"Evet, Devler Ülkesi'ndeyiz. Bölüme uygun bir şarkı bulmak biraz zor oldu."
(The Voice Of The Forest/SOUNDTRACK)
[GIRIŞ]
Kuş cıvıltıları, esen ılık rüzgar ve ağaç dalları arasından yüze vuran güneş ışınları... Zihnin en karanlık odasında aydınlık yaratan bir hissiyat. Tenine dokunan yapraklar, bitki gövdeleriyle beraber burnuna ve çenene konmakta olan iki büyük sarı kelebek.
Gözlerini usulca aralayan Jimin, irkilmeden sakinlikle yüzüne vuran güneş ışınlarına ve ağaç dallarına, yapraklarına baktı. Başını ağır ağır çevirerek yan taraflara baktığında üyeleri gördü. Yavaşça doğrulurken yüzüne konan kelebekler uçuşarak ormanın içerisinde yönlere dağıldılar. Jimin etrafı inceledi.
Sessizliğin hakim olduğu, ilkbaharın yerleştiği yemyeşil ormanın kısa boylu çimleri arasında narince uzanıyorlardı. Ilık ılık esen rüzgar hem ferah tutuyor, hem üşütmüyordu.
Jimin ormanın güzelliği karşısında büyülenmişcesine ifadesiz yüzüne hüzün yerleştirdi aniden.
Kendisini huzurlu hissediyordu, uzun süre sonra ilk defa. Yaşanan onca olay olmuşken sanki mutluluğun ne olduğunu unutmuş gibi yeniden hafızasında filizlenmesi onu hüzünlendirmişti.
Ağır ağır ayağa kalktı. Yaprakların üzerine basa basa ilerledi ağaç dallarının arasından beri. Birkaç saniyelik yürüyüşün ardından yüzüne düşen yaprakları çektiğinde karşısına çıkan manzarayla bakıştı afallayarak.
Sıra sıra ilerleyen dağların arasındaki açıklıktaki düzlüğe dikilmiş taş heykeller görünüyordu tepeden. Jimin an itibariyle bulunduğu yerin uçurum olduğunu fark edip birkaç adım geriye sendeledi ve bir elini ağacın dev gövdesine koyarak manzarayı seyretti.
Doğal bir manzaraydı, ufka doğru uzanan dağların çaprazında, hemen üstlerinde güneş parıl parıldı. Issızdı etraf, o denli güzeldi ki bir an hiçbir şey düşünmek istemedi Jimin.
Hüzün dolu bakışları etrafı tararken ceketinin iç cebinden dışarı fırlayıp omuzlarından beri sürünerek dibine gelen Usakar, sessizce bakındıktan sonra başını Jimin'e doğru çevirdi.
"Kimsenin olmaması seni üzüyor değil mi, sss."
Jimin dolu gözlerini bir an bile kaçırmadı.
Devler Ülkesi... Xavier'a gelmeden önceki anıları karanlıktı. Sanki hepsi yok olmuş gibiydi, hissediyordu var olduklarını ancak hatırlayamıyordu.
Usakar başını Jimin'in yanağına koyarak mırıldandı. "Dünya üzerindeki her canlı için aile kavramı önem taşır, kaybedilen bir kişi olmaktan ziyade bir bağ olunca acı gerçek surata çarpar.

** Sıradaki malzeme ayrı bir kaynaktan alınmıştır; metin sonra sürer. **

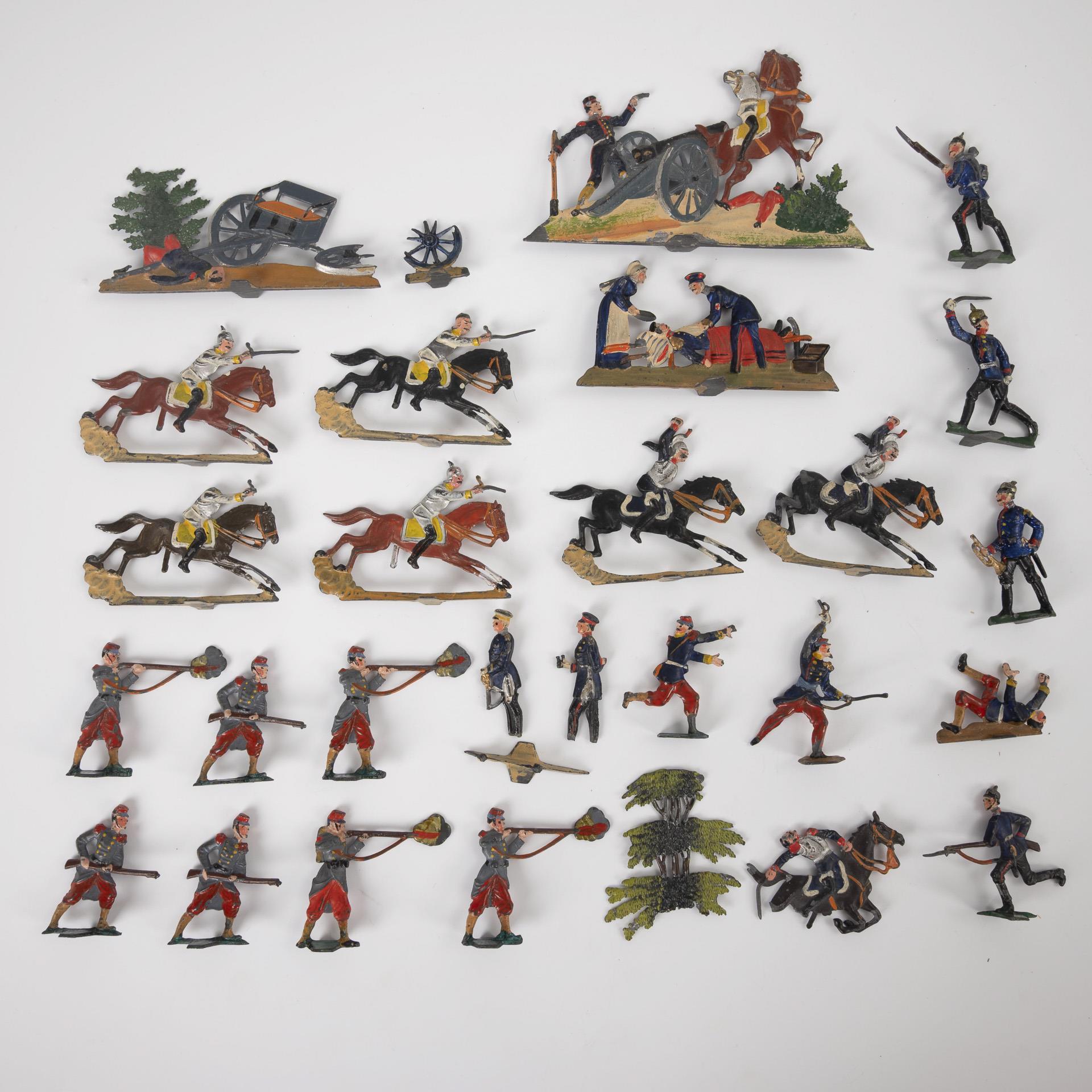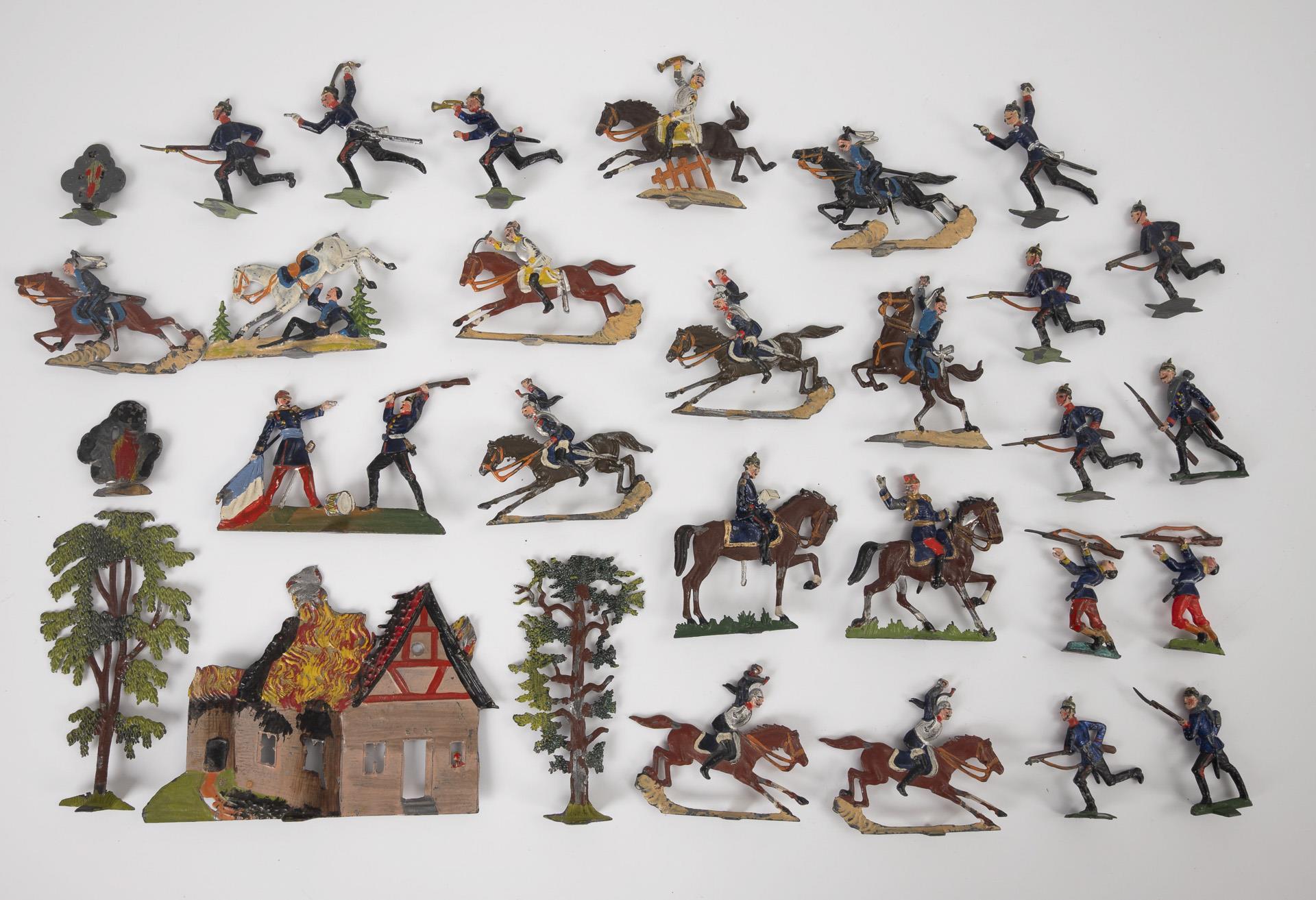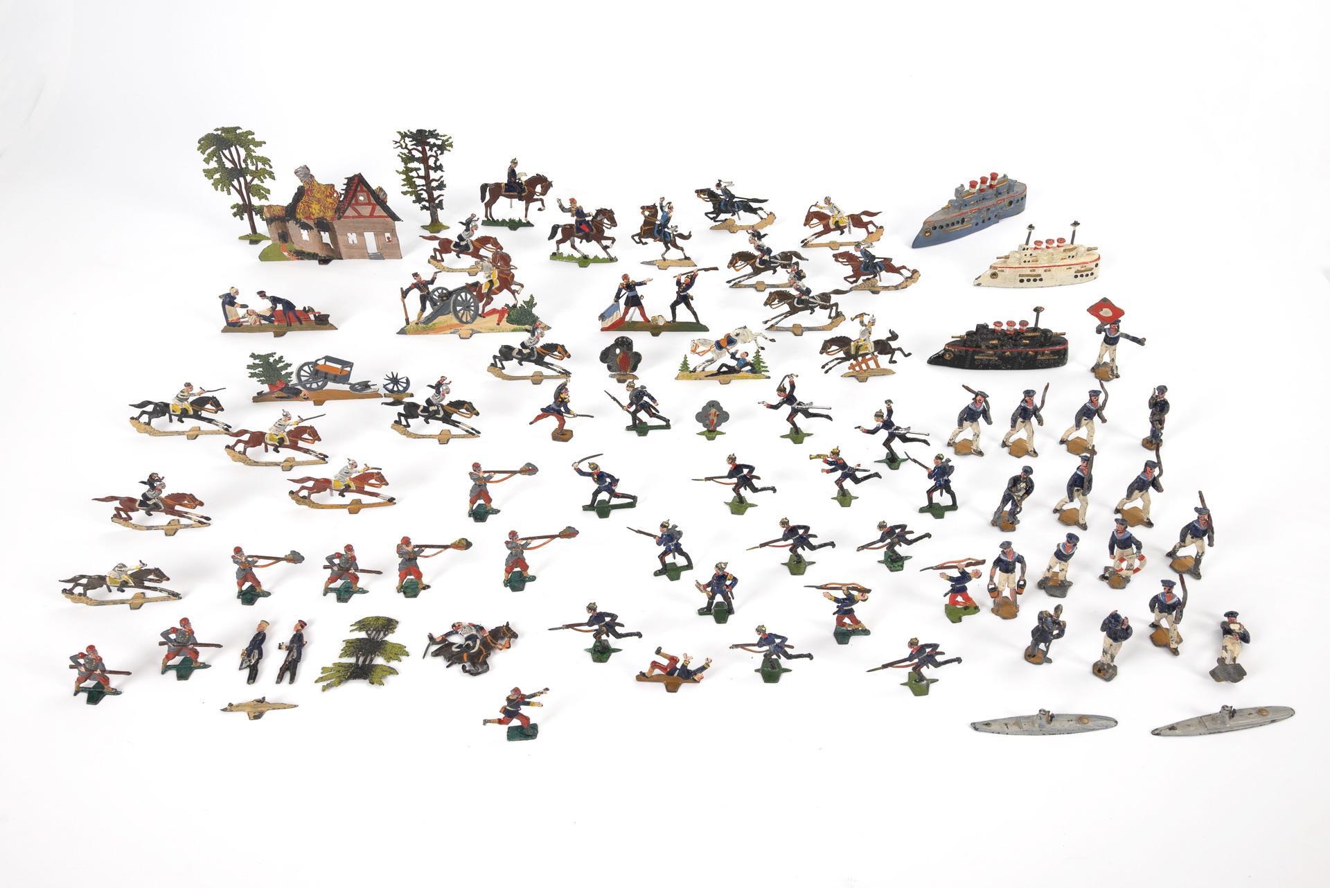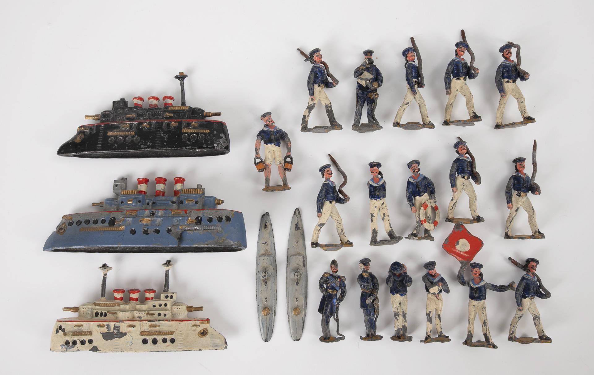 3 ships, 2 submarines, various sailors, numerous battle figures with horsemen, fighting foot soldiers, burning house etc. Paint defects, signs of age.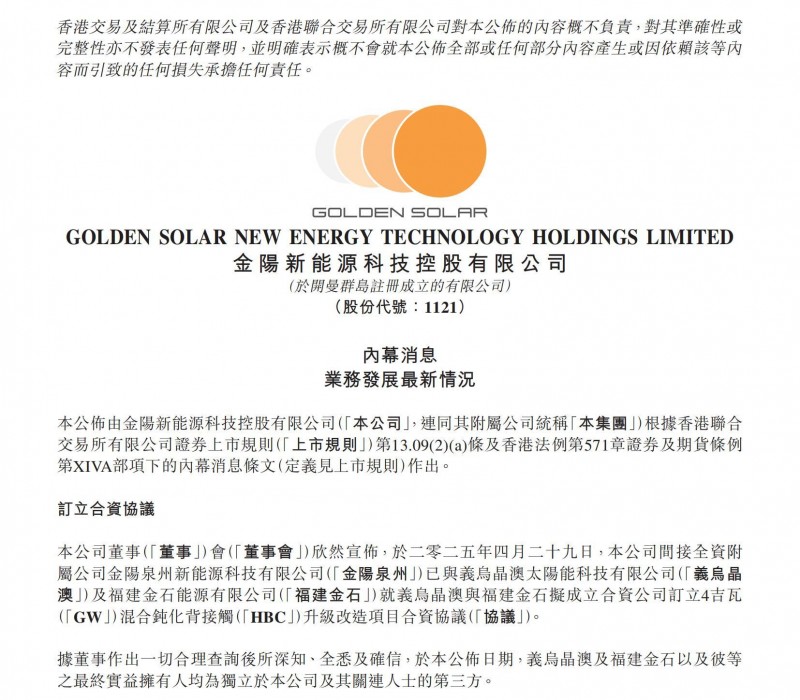 近日,金陽新能源發布公告稱,公司間接全資附屬公司金陽泉州新能源科技有限公司(金陽泉州)已與義烏晶澳太陽能科技有限公司(義烏晶澳)及福建金石能源有限公司(福建金石)就義烏晶澳與福建金石擬成立合資公司訂立4GW混合鈍化背接觸(HBC)升級改造項目合資協議。

Ayakta kalan esas kişi olmanın gururunu yaşa, evlat. Sss."
Jimin gözyaşlarını silerek omzundaki ufak yılana bakarak tebessüm etti ve burnunu başına sürttü hafifçe. "Haklısın. Her zamanki gibi."
Usakar ufak dilini çıkarıp tısladıktan sonra hızlı bir sürünüşle geldiği cebe indi, uçurumun kenarından ayrıldı Jimin. "Gidip diğerleri uyanmış mı bakalım..."
Ormana girdiğinde üyelerin yanına ulaştı. Herkes toparlanmaya başlamış görünüyordu. Namjoon kendisini fark etti. "Neredeydin?"
"Etrafı dolaştım. Aşağıda bir açıklık var." Diye açıkladı Jimin. Jisoo başıyla onayladı. "Hızlı olalım, gidip inceleyelim."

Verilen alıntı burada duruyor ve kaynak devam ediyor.